Emperyal ittifakların dünyanın yoksul halklarını, canlarına da acımadan, ezdikleri, sömürdükleri dünyada, halkları için kurtarıcılık yapmış, iz bırakmış aklıma gelen ilk isimlerden. Kimilerinin uzun soluklu başarıları, ezilen hakların moral değerlerinin yükseltilmesine de katkı yaptı. Kimileri direnerek canlarını verdiler. Emperyal çıkar savaşları kimi zamanlar yenilgilerle geriletilebildi. Ne yazıktır ki yılların akışları içinde, yeni yollardan yürümeyi sürdürdü.

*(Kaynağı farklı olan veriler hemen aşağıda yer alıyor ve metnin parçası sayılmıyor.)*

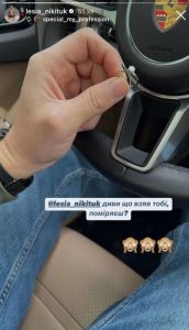 У своїх соціальних мережах Дмитро опублікував цікаву stories. На тлі машини Дмитро тримає каблучку з великим діамантом. Обранець ведучої спочатку не став вдаватися в подробиці, а лише написав наступне: “Лесю, диви, що взяв тобі, поміряєш?”. На це знаменитість вже відреагувала емоджі у формі мавпи, які заплющують очі.
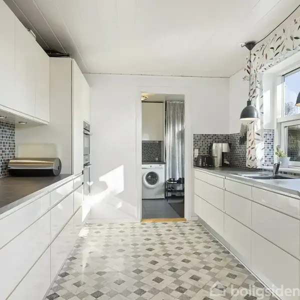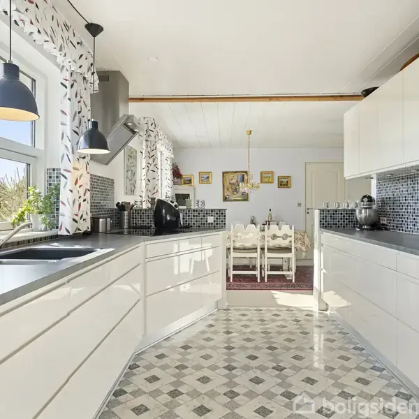 Oplev en indbydende villa på 136 m² med store vinduer og et lyst, åbent miljø.
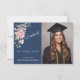 Modern Pink Roses Script Graduation Photo Tack Kort

Suriye, üzerinden sürdürülen son gelişmelerde, önceki gün Cumhurbaşkanı Erdoğan Libya’daki toplantıya katılınca içim burulmuş olarak, Libya’daki bugünün acıklı iç savaşlar tablosunu da anımsamış olarak, bir zamanlar hakkıyla diktatör kimlikli oluşunun altını çizdiğimiz Kaddafi’nin bile” ülkesinin yaşayanları için çok daha iyi bir yaşam yaratabildiği gerçeğinin altını çizmek zorunda kaldım. Şimdilerde çoğunluk Ortadoğu ülkelerindeki gerçekliğe uygun olarak içinden paramparça..

***

Emperyal kirli çıkarlar sömürü ağının şaşmaz kuralı “Böl, parçala, yönet”in, günümüzde insan haklarının evrensel ölçeklerinin katlanarak çiğnenmesiyle bilimsel teknolojik gelişmenin tam tersine, dünya çapındaki sömürüsünün acımasızlığı katlanmış boyutlarda. Bilimsel teknolojik gelişmelerin tam tersi olarak, en kirlisi, en ilkelinden, dini inançların acımasız sömürülmesi üzerinden kan akıtma, dini inançların ahlaka dayalı değerlerinin aksine, acımasızlıkta, ahlaksızlıkta sınır tanımayan suçların işlendiği suç ittifakları ile siyaset yapılıyor.

***

Ülkemizde 12 Eylül üzerinden, emek haklarının da çok ağır gasp edilmesi ile yaşatılan acılı süreçlerin ardından, DİSK yöneticileri hâlâ cezaevlerinde tutulurken, Amerikan işçi sendikal hareketinin sürpriz bir girişimi ile birkaç gazeteci arkadaş 5 haftalık geniş bir görüşmeler yelpazesinde ABD’de görüşmelerin, etkinliklerin bombardımanına yakalanmıştık. Özal, ABD’den tekstil kotalarını koparma peşindeydi. “Amerika’nın öteki yüzü” dizini içinde özetlemeye çalıştığım sonuçlar birbirinden çarpıcıydı.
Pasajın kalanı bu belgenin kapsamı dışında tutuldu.